---------- Data excerpts
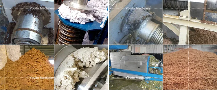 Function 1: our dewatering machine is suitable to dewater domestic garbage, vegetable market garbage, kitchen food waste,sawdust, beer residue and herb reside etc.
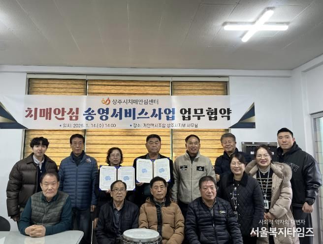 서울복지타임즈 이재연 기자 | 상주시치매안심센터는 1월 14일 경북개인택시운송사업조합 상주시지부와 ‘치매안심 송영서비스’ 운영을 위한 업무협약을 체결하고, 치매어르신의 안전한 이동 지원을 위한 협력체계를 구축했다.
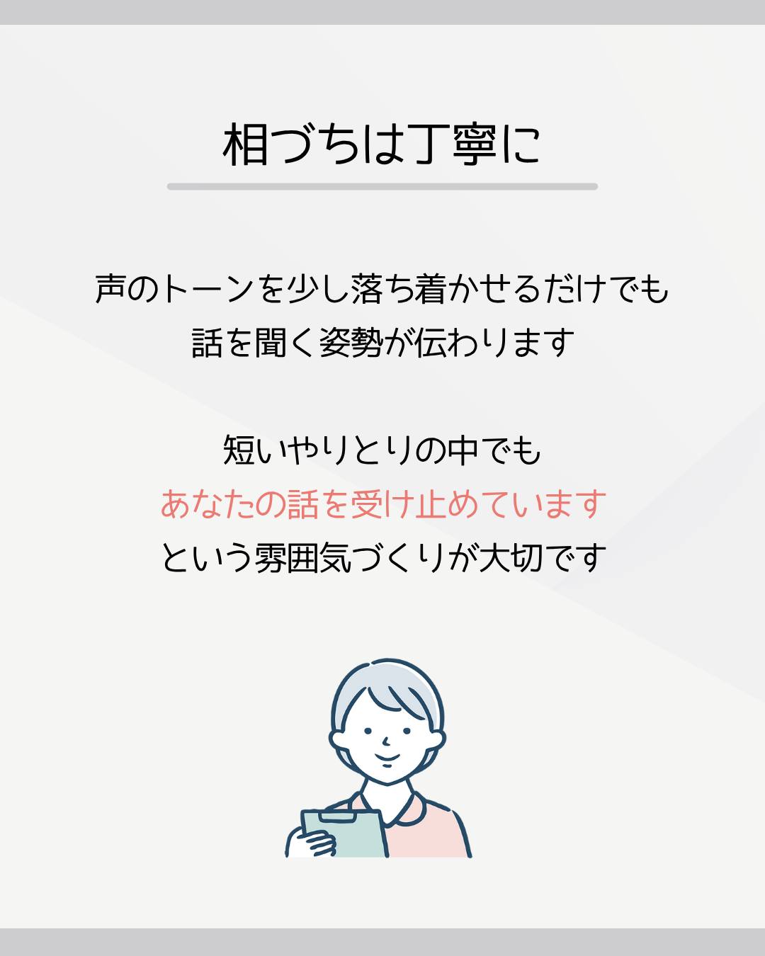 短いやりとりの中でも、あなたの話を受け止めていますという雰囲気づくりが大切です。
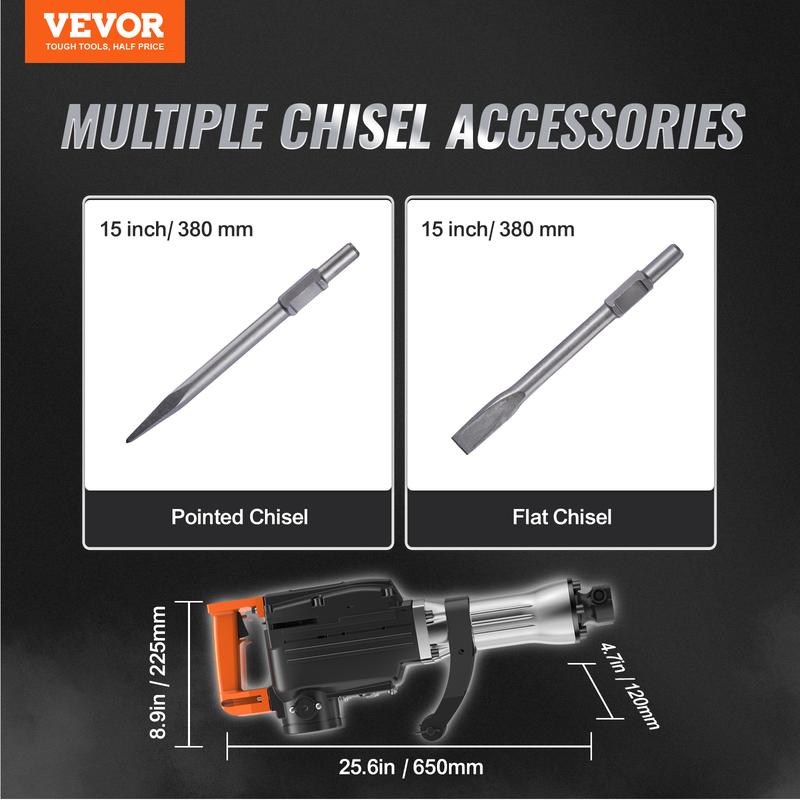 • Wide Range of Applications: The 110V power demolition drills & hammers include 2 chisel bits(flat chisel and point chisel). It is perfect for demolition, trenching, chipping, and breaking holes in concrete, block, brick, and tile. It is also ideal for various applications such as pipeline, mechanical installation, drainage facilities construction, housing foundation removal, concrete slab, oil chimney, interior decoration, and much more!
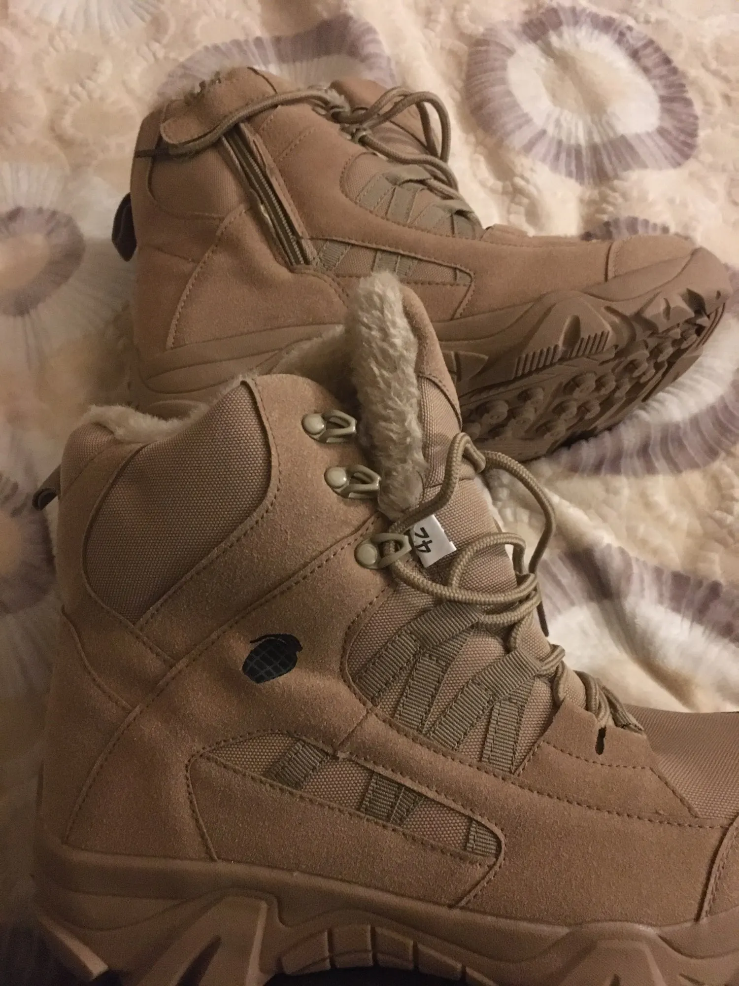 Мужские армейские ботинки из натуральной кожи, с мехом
--------------------
* **What you need to do**
Write out, exactly as they stand, the line with "서울복지타임즈 이재연 기자" and every line after it through the end of the entries above; omit the pictures.

* **Answer to this problem**
 서울복지타임즈 이재연 기자 | 상주시치매안심센터는 1월 14일 경북개인택시운송사업조합 상주시지부와 ‘치매안심 송영서비스’ 운영을 위한 업무협약을 체결하고, 치매어르신의 안전한 이동 지원을 위한 협력체계를 구축했다.
 短いやりとりの中でも、あなたの話を受け止めていますという雰囲気づくりが大切です。
 • Wide Range of Applications: The 110V power demolition drills & hammers include 2 chisel bits(flat chisel and point chisel). It is perfect for demolition, trenching, chipping, and breaking holes in concrete, block, brick, and tile. It is also ideal for various applications such as pipeline, mechanical installation, drainage facilities construction, housing foundation removal, concrete slab, oil chimney, interior decoration, and much more!
 Мужские армейские ботинки из натуральной кожи, с мехом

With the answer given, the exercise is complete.